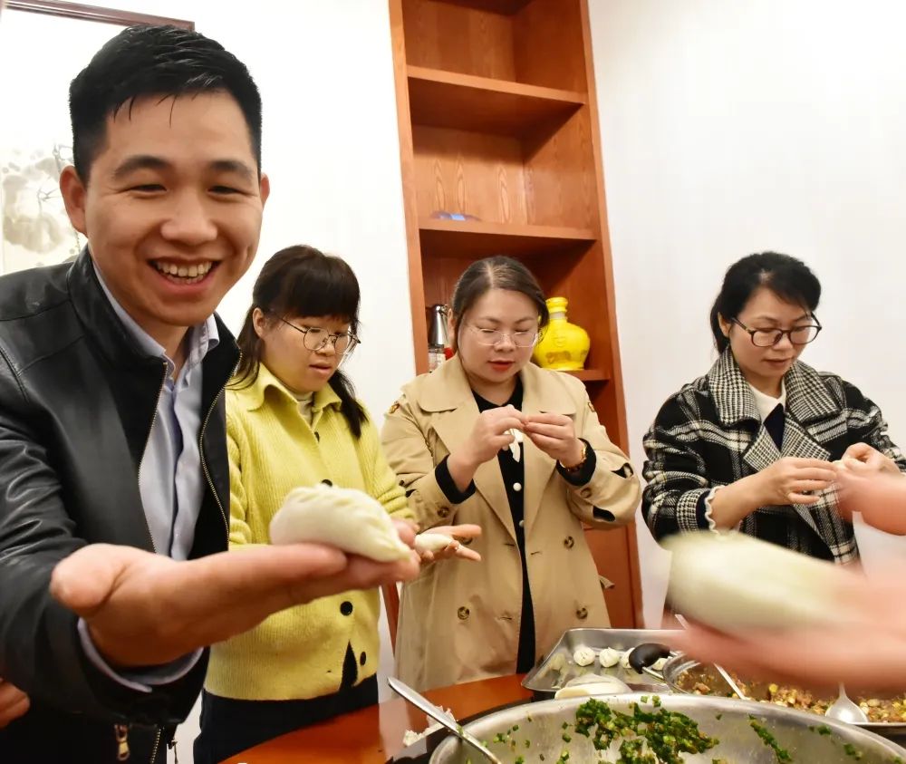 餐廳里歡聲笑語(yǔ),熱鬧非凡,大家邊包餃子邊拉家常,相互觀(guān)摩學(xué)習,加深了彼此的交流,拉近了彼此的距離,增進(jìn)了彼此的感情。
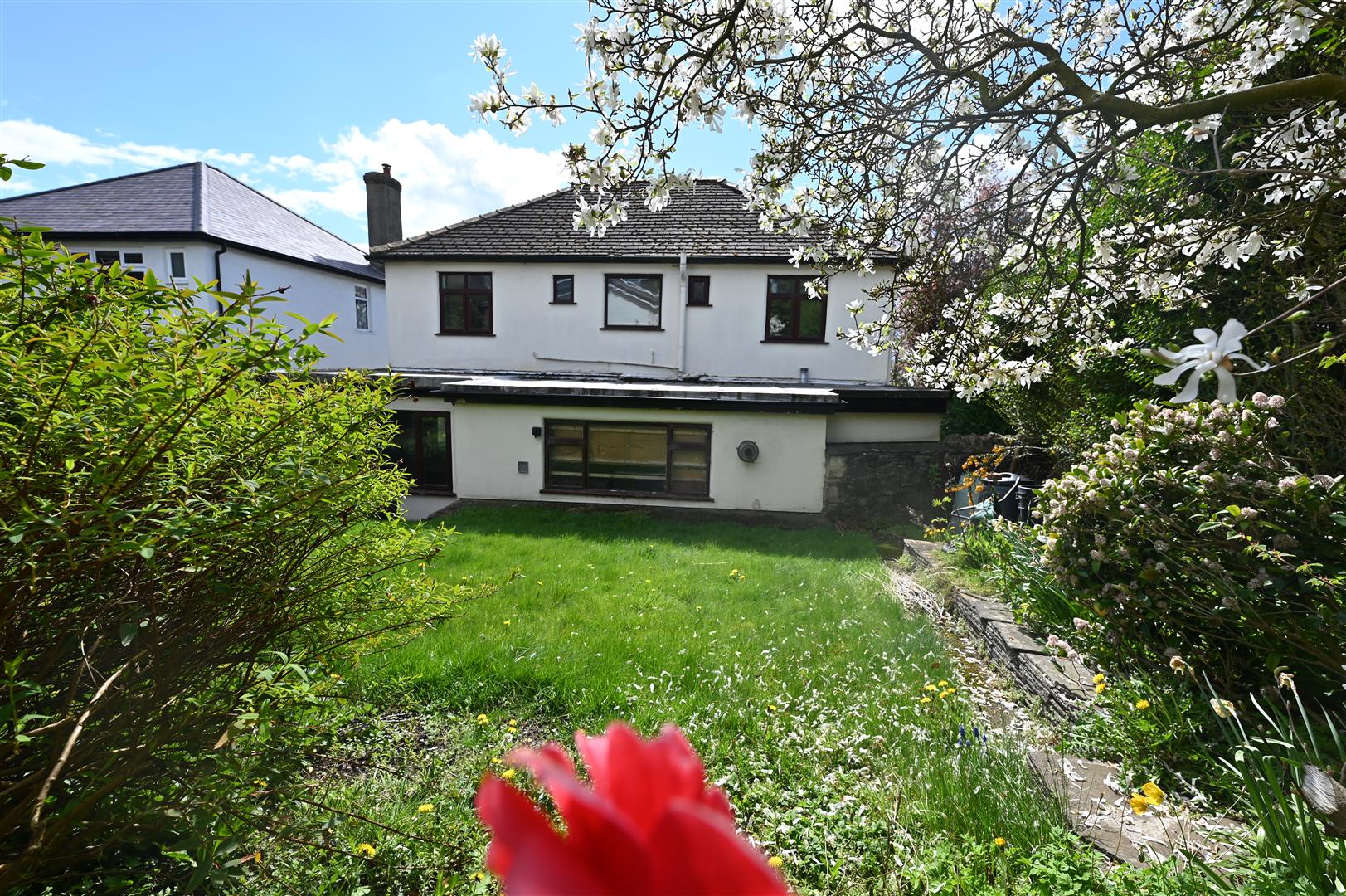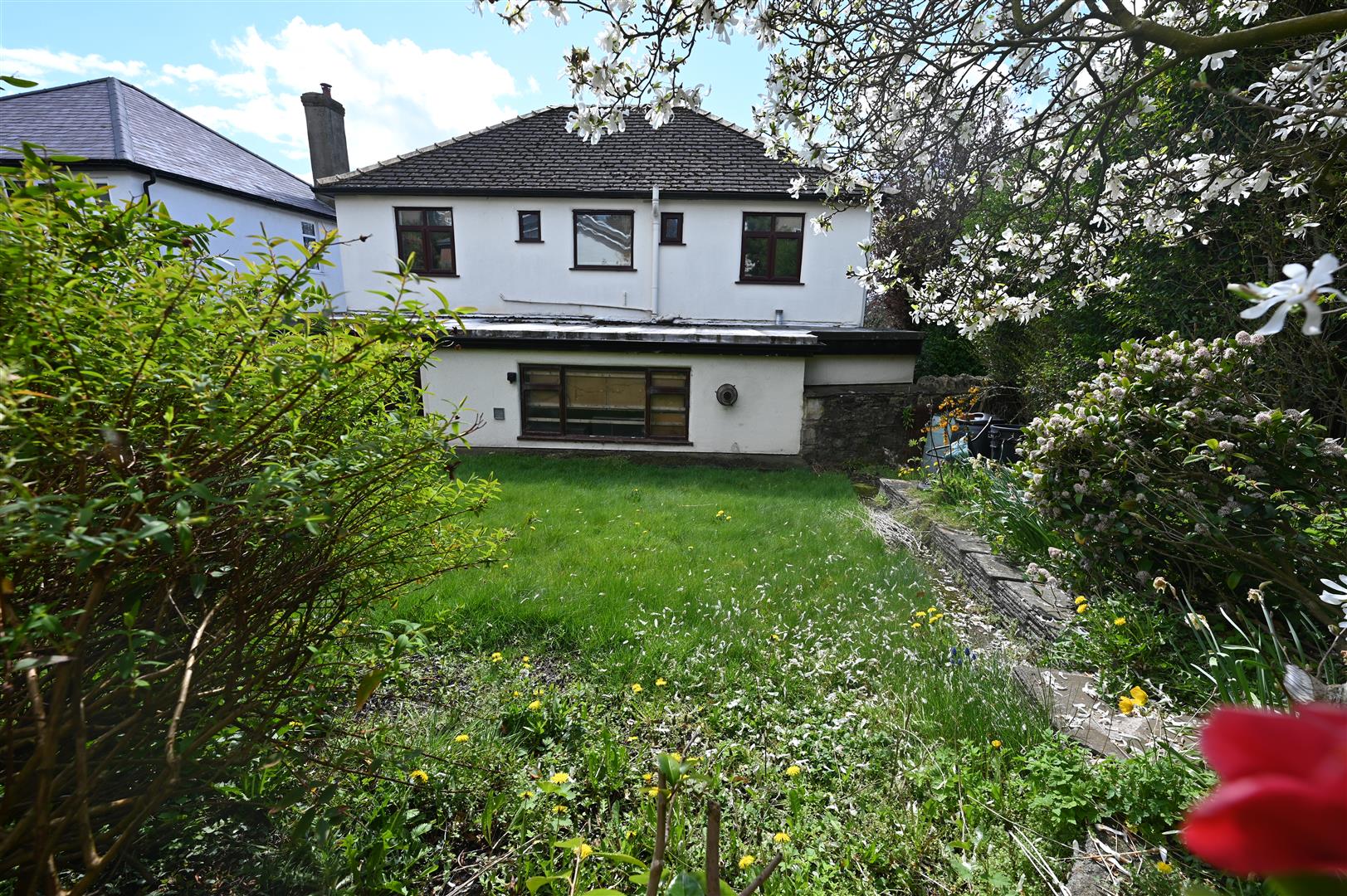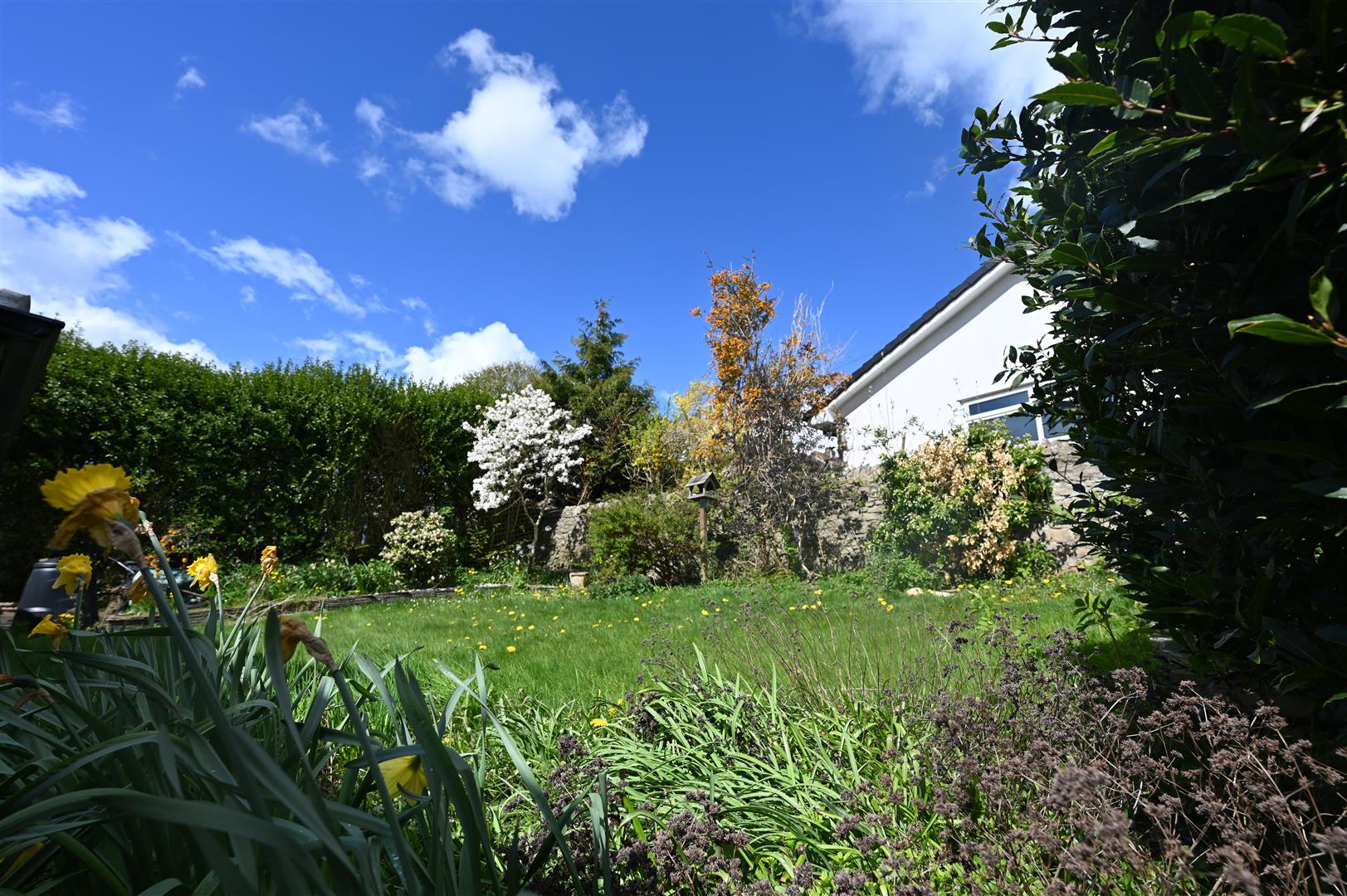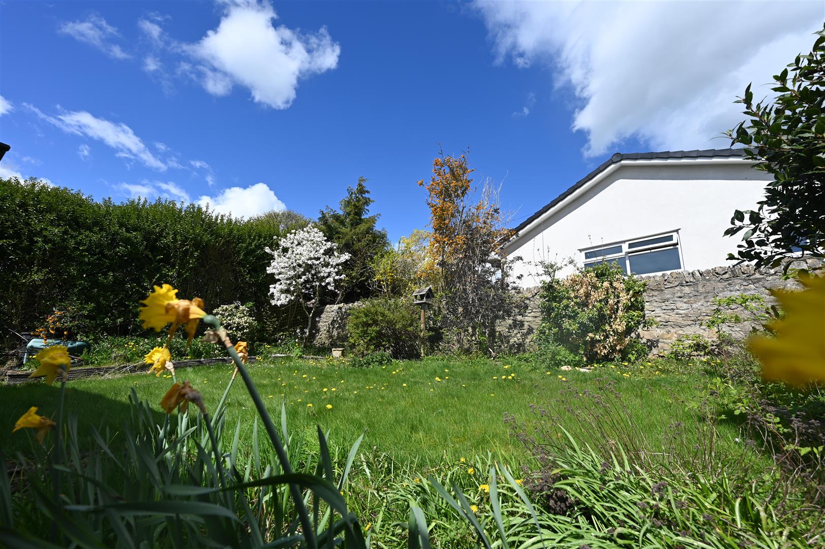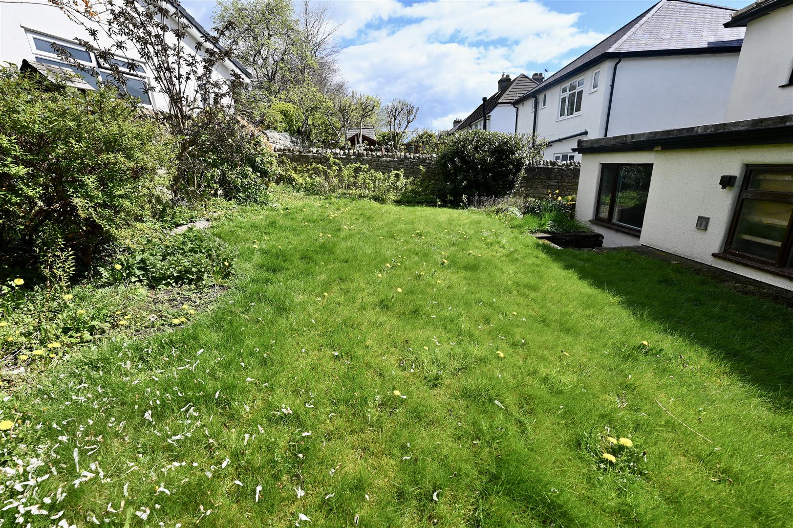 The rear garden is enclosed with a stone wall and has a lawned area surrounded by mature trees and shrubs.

- - - - - - -

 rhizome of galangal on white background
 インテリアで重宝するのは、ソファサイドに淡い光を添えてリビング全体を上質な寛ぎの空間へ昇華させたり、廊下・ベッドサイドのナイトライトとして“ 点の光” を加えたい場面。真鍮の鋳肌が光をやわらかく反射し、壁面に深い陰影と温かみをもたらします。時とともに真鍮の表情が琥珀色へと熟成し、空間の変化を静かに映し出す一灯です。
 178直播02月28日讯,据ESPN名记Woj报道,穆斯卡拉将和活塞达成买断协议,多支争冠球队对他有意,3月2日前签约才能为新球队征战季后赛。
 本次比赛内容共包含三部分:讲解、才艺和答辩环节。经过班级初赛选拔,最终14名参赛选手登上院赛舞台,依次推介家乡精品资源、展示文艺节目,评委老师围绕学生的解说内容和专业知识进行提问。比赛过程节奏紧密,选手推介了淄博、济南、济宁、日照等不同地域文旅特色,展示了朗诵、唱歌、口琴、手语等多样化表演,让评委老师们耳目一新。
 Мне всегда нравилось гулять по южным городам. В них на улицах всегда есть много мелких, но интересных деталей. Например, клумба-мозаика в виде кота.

- - - - - - -

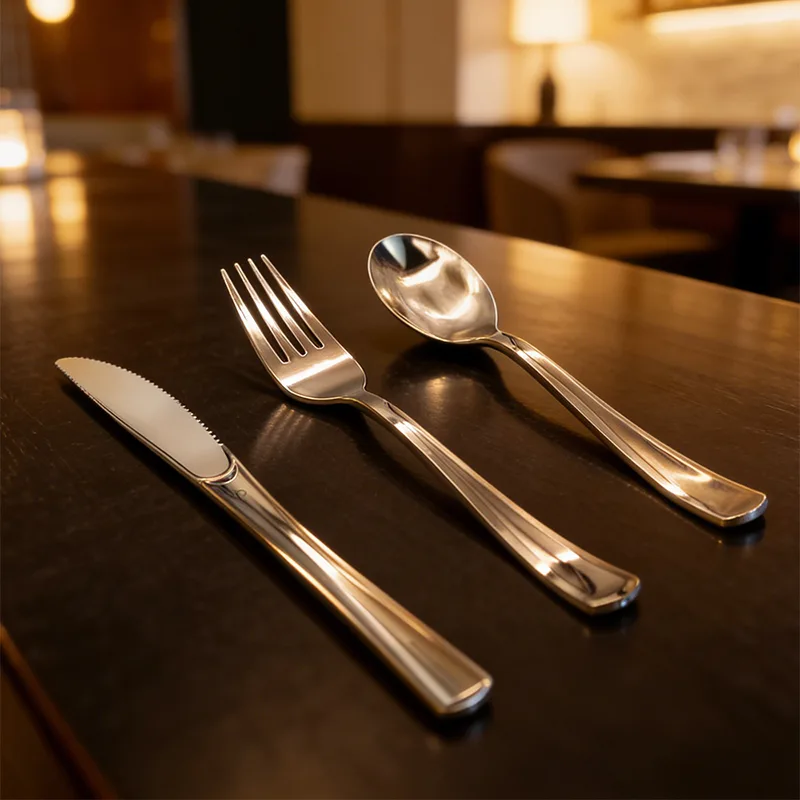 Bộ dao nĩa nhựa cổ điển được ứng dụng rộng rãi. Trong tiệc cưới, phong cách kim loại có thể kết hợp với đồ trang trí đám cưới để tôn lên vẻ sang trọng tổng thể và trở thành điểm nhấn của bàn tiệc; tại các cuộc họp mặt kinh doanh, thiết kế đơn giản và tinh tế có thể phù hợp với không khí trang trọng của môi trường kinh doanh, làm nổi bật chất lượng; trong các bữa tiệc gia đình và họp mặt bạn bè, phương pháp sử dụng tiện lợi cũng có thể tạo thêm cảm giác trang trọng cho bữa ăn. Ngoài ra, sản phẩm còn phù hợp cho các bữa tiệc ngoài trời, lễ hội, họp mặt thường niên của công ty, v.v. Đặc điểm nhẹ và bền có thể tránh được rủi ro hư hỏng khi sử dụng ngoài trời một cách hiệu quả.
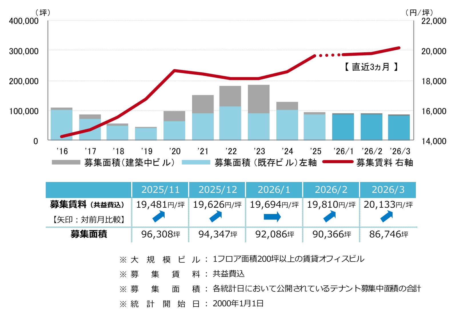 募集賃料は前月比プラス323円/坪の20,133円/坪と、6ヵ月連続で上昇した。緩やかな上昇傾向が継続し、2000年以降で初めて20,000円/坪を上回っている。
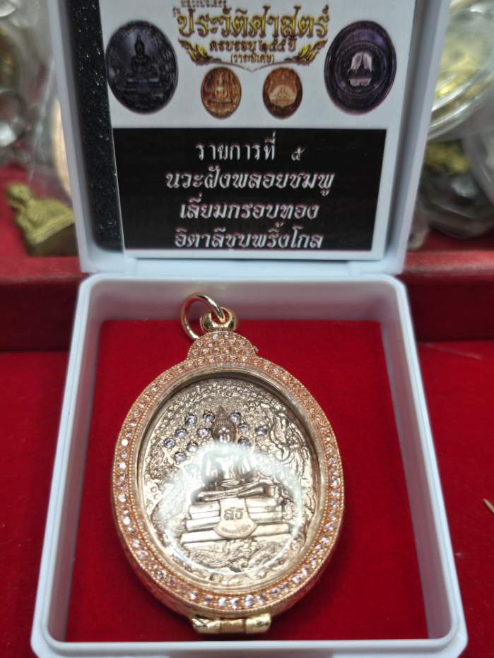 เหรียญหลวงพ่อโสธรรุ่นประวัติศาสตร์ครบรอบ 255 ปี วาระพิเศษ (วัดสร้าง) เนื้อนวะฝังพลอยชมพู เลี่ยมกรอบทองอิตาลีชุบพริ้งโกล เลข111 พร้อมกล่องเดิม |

- - - - - - -

WORK INSTRUCTIONS:
Start with the line above that contains "rhizome of galangal on white background" and end with the line that contains "178直播02月28日讯,据". Write out those lines exactly, and only those.

REPLY:
 rhizome of galangal on white background
 インテリアで重宝するのは、ソファサイドに淡い光を添えてリビング全体を上質な寛ぎの空間へ昇華させたり、廊下・ベッドサイドのナイトライトとして“ 点の光” を加えたい場面。真鍮の鋳肌が光をやわらかく反射し、壁面に深い陰影と温かみをもたらします。時とともに真鍮の表情が琥珀色へと熟成し、空間の変化を静かに映し出す一灯です。
 178直播02月28日讯,据ESPN名记Woj报道,穆斯卡拉将和活塞达成买断协议,多支争冠球队对他有意,3月2日前签约才能为新球队征战季后赛。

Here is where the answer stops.